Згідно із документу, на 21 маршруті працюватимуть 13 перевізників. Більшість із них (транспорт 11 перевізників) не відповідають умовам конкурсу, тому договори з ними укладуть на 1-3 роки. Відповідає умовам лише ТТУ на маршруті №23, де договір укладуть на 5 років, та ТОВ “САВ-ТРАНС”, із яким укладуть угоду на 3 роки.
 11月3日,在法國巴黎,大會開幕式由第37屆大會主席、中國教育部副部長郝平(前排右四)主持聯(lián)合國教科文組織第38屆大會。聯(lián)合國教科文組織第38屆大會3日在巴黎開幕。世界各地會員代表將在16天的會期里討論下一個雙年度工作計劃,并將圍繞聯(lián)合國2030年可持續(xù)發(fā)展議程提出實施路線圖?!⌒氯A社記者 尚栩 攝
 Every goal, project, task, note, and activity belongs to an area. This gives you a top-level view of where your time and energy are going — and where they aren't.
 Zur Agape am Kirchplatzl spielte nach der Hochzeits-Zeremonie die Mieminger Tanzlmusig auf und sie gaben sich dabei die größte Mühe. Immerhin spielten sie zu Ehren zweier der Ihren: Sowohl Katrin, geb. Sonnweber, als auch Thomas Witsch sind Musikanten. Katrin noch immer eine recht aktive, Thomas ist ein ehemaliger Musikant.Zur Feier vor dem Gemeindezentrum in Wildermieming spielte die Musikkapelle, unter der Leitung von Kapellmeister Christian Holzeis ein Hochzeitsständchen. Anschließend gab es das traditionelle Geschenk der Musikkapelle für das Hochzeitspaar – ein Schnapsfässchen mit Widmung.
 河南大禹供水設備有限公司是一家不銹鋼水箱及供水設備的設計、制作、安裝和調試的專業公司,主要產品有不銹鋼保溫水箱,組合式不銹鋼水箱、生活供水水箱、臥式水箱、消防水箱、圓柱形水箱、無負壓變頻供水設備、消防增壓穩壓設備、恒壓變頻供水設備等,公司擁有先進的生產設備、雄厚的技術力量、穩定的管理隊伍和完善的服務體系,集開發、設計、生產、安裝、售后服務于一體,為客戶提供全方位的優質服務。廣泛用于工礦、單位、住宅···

Your task:
Nothing should be omitted or altered. Retype the records exactly.

Your response:
Згідно із документу, на 21 маршруті працюватимуть 13 перевізників. Більшість із них (транспорт 11 перевізників) не відповідають умовам конкурсу, тому договори з ними укладуть на 1-3 роки. Відповідає умовам лише ТТУ на маршруті №23, де договір укладуть на 5 років, та ТОВ “САВ-ТРАНС”, із яким укладуть угоду на 3 роки.
 11月3日,在法國巴黎,大會開幕式由第37屆大會主席、中國教育部副部長郝平(前排右四)主持聯(lián)合國教科文組織第38屆大會。聯(lián)合國教科文組織第38屆大會3日在巴黎開幕。世界各地會員代表將在16天的會期里討論下一個雙年度工作計劃,并將圍繞聯(lián)合國2030年可持續(xù)發(fā)展議程提出實施路線圖?!⌒氯A社記者 尚栩 攝
 Every goal, project, task, note, and activity belongs to an area. This gives you a top-level view of where your time and energy are going — and where they aren't.
 Zur Agape am Kirchplatzl spielte nach der Hochzeits-Zeremonie die Mieminger Tanzlmusig auf und sie gaben sich dabei die größte Mühe. Immerhin spielten sie zu Ehren zweier der Ihren: Sowohl Katrin, geb. Sonnweber, als auch Thomas Witsch sind Musikanten. Katrin noch immer eine recht aktive, Thomas ist ein ehemaliger Musikant.Zur Feier vor dem Gemeindezentrum in Wildermieming spielte die Musikkapelle, unter der Leitung von Kapellmeister Christian Holzeis ein Hochzeitsständchen. Anschließend gab es das traditionelle Geschenk der Musikkapelle für das Hochzeitspaar – ein Schnapsfässchen mit Widmung.
 河南大禹供水設備有限公司是一家不銹鋼水箱及供水設備的設計、制作、安裝和調試的專業公司,主要產品有不銹鋼保溫水箱,組合式不銹鋼水箱、生活供水水箱、臥式水箱、消防水箱、圓柱形水箱、無負壓變頻供水設備、消防增壓穩壓設備、恒壓變頻供水設備等,公司擁有先進的生產設備、雄厚的技術力量、穩定的管理隊伍和完善的服務體系,集開發、設計、生產、安裝、售后服務于一體,為客戶提供全方位的優質服務。廣泛用于工礦、單位、住宅···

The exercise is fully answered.